The Wortham Center fondly remembers the life and contributions of Asheville visionary, entrepreneur and pioneer John Cram, who passed away on Monday, October 26.A longtime friend and supporter of the Wortham Center, Cram moved to Asheville in 1971 and, the very next year, opened his first business, New Morning Gallery, in Biltmore Village. An early believer in the potential of the downtown area, Cram opened up a second gallery, Blue Spiral 1, on Biltmore Avenue in 1990, just two years before the Wortham Center first opened its doors as Diana Wortham Theatre up the hill.
John Cram, left, and his husband Matt Chambers at Bellagio. Credit: bellagioarttowear.com.
|In 1996, Cram expanded his vision further up the road, renovating and opening the Fine Arts Theatre next door. At the time, downtown Asheville was a ghost town, its historic buildings under threat of being razed in favor of a shopping mall. But Cram and others had a vision for the city, with art at its core.
As lovers of both visual and performing arts, Cram and his husband Matt Chambers were instrumental in the emergence and growth of Terpsicorps Theatre of Dance — a common cause with former Wortham Center Managing Director, John Ellis.
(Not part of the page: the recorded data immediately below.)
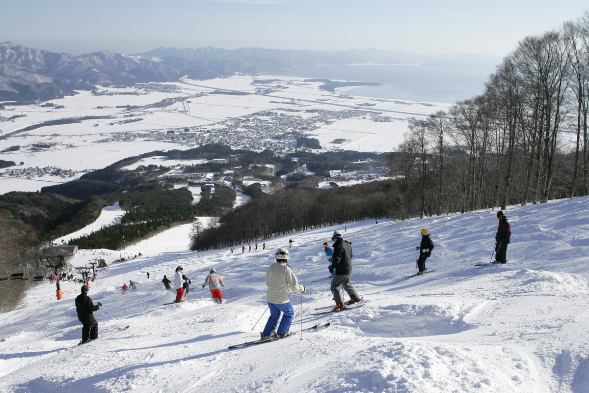 The grand views of Lake Inawashiro and Mt. Bandai drawing in closer as you make your way down the mountain makes for an exhilarating experience where the thrill of skiing is magnified by the majestic natural surrounds. The view of Lake Inawashiro is not to be missed.
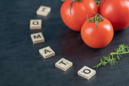 Red Tomato vegitable written on blocks kept in plate on black background space for text
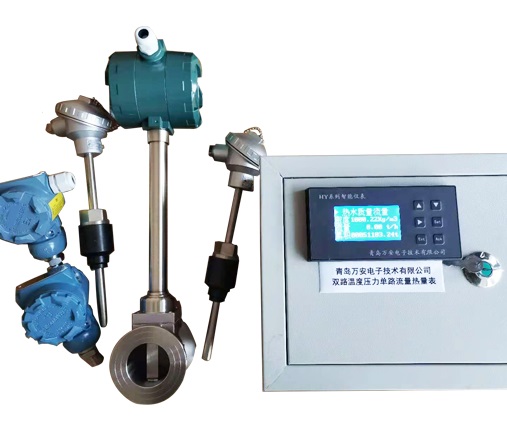 導熱油熱量表包含一台渦街流量傳感器,兩支熱電阻采集溫度信號,一台熱量表。顯示兩路溫度,一路流量。如果現場工況需要,可以分別在冷端和熱端各安裝一台渦街流量傳感器,熱量表就可以顯示兩路的溫度,兩路流量。

Ellis also helped with the development and support of Terpsicorps, which utilized the Diana Wortham Theatre as its performance venue.
Thus began a remarkable relationship between the Wortham Center and John Cram. Cram’s support made it possible for the famed Merce Cunningham Dance to make its first appearance in Asheville at the Diana Wortham Theatre since the dance company’s creation at Black Mountain College in 1953. And Cram and Chambers made it possible to present the incredible vocalist and songwriter Lisa Fischer at the Diana Wortham Theatre, with an accompanying screening of the film Twenty Feet From Stardom, in which Fischer was featured, at the Fine Arts Theatre.
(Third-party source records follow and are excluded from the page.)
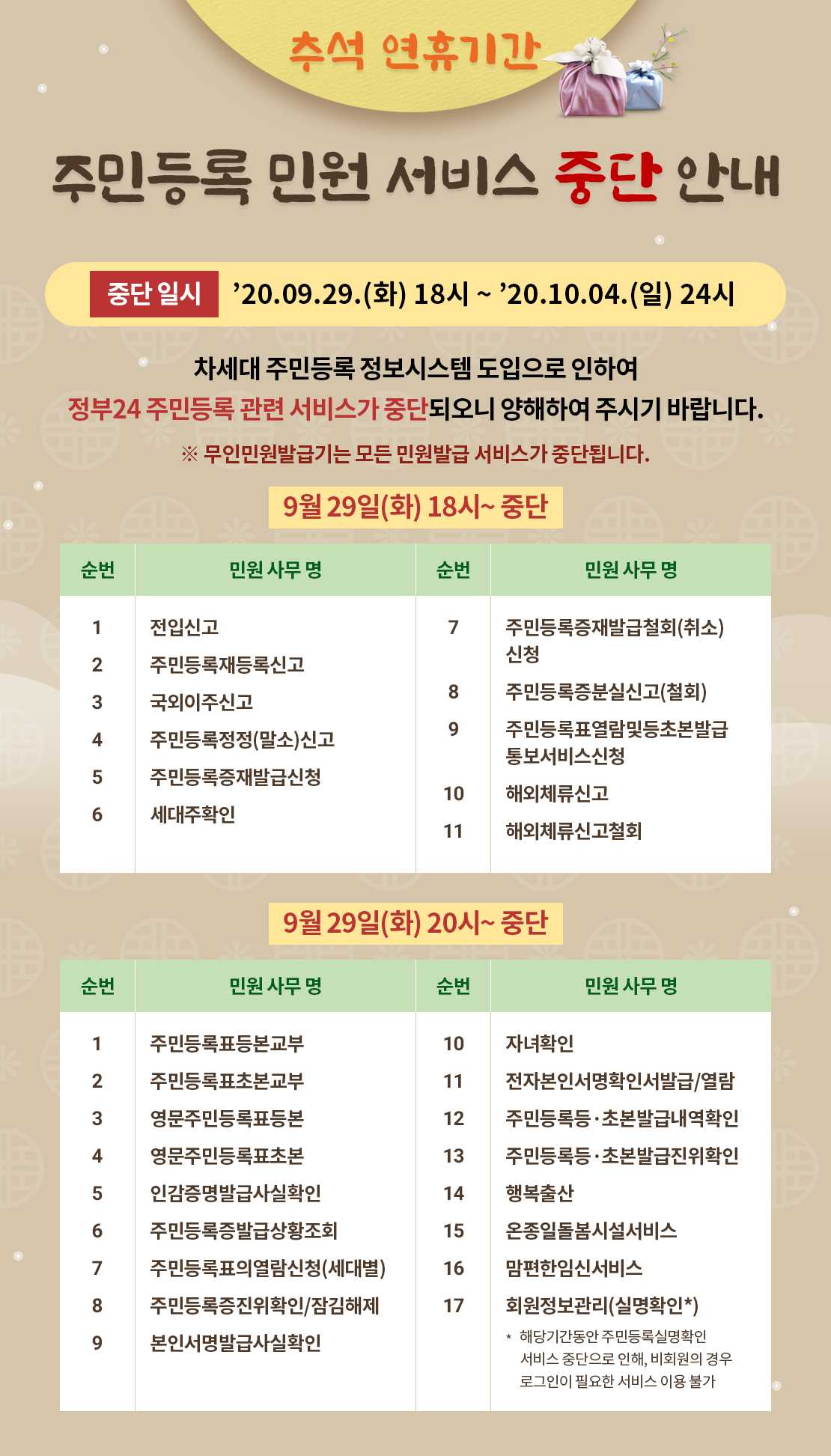 추석 연휴기간 주민등록 민원 서비스 중단 안내(9/29~10/4)
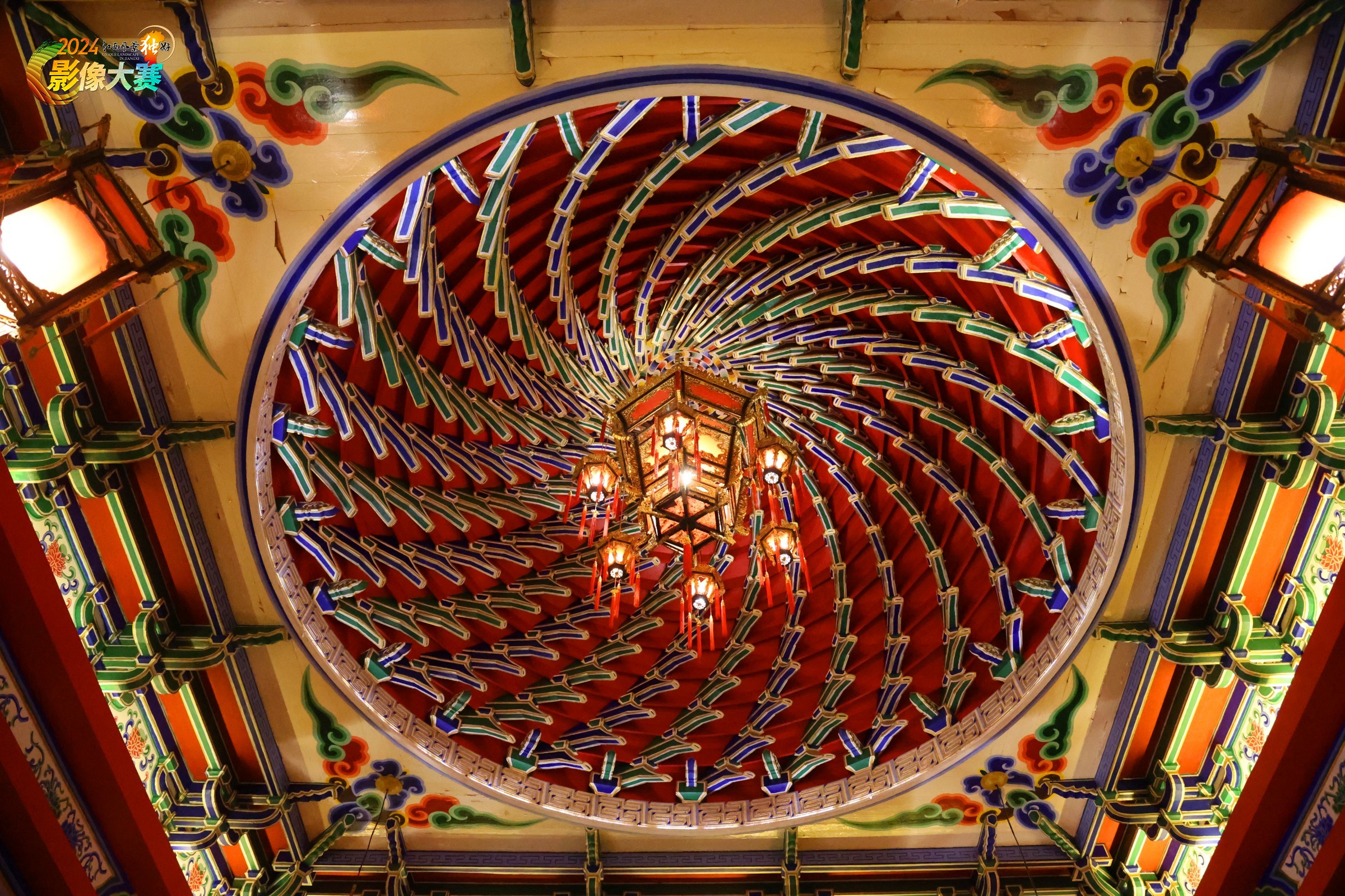 <精神图腾>采用垂直向上的极致仰角拍摄,精确毫厘不差的手动聚焦,将藤王阁内景古建"藻井"描写得纤毫毕现.
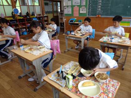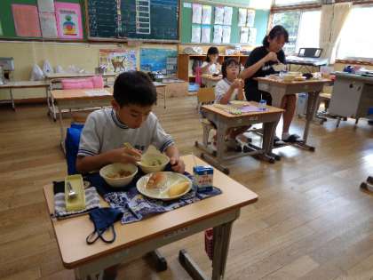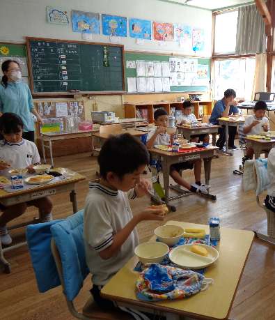 パンに切れ目を入れて、自分で焼きそばパンを作っている子もいました。
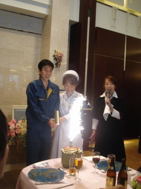 そんな職業を活かしたお二人。ケーキだけではなく、お仕事のコスチュームでテーブルサービスです!
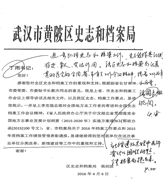 根据黄陂区史志和档案局提出的有关“十三五”史志和档案重点工作内容,4月18日,区委书记丁雨作出批示 :“进一步加强史志和档案工作,充分发挥其记述、存史、育人、资治作用。请区史志和档案局认真贯彻落实好全国、省、市有关工作会议精神,提高工作效率和质量。”区委常委、常务副区长陈国良也作出了“新馆建设过程中具体有什么困难问题,请档案局提出来”的批示。接到丁雨书记和区委领导的批示后,区史志和档案局党组专门召开局党组会,认真学习和讨论。一致认为,丁雨书记及区委领导这么快作出批示,充分体现了对史志和档案工作的重视。区局全体干部应以丁雨书记和区委领导批示为动力,科学谋划、履职尽责,提升史志和档案工作水平;以适应全面建成小康社会,服务于“美丽黄陂”建设为目标,谋求史志和档案事业的新发展;以新馆建设为基础,抓好档案基础设施建设,争取将新馆建成建筑规范、设施先进、功能齐全的新型档案馆;以服务民生为宗旨,构建多元档案资源体系;以依法治档为抓手,加强档案法治宣传、档案业务指导和档案基础业务工作,全面提升黄陂区史志和档案工作水平,为黄陂经济社会的发展作贡献,增添正能量。

Cram attended performances at the Wortham Center often, and supported the organization through advertising and the purchase of large group ticket orders. With these tickets he would entertain his friends and staff from his various businesses, sharing his love of live performance with those around him.
|By the time of the Wortham Center’s Capital Campaign in 2016, Cram and Chambers were enthusiastic supporters of the theatre and were major contributors to the expansion and transformation of the Wortham. With their gift level, they were given an opportunity to name the theatre’s green room — but, rather than naming it after Cram or one of his businesses, the two decided to name it in outgoing Managing Director John Ellis’ honor, to recognize the growth of the theatre and their partnership over the years.
“John Cram will be sincerely missed by all at the Wortham Center,” shared the Wortham Center’s Managing Director, Rae Geoffrey. “His memory will live on in the artistic spirit of Asheville, in the beautiful historic downtown district and in the vibrant culture for which this city is now known.”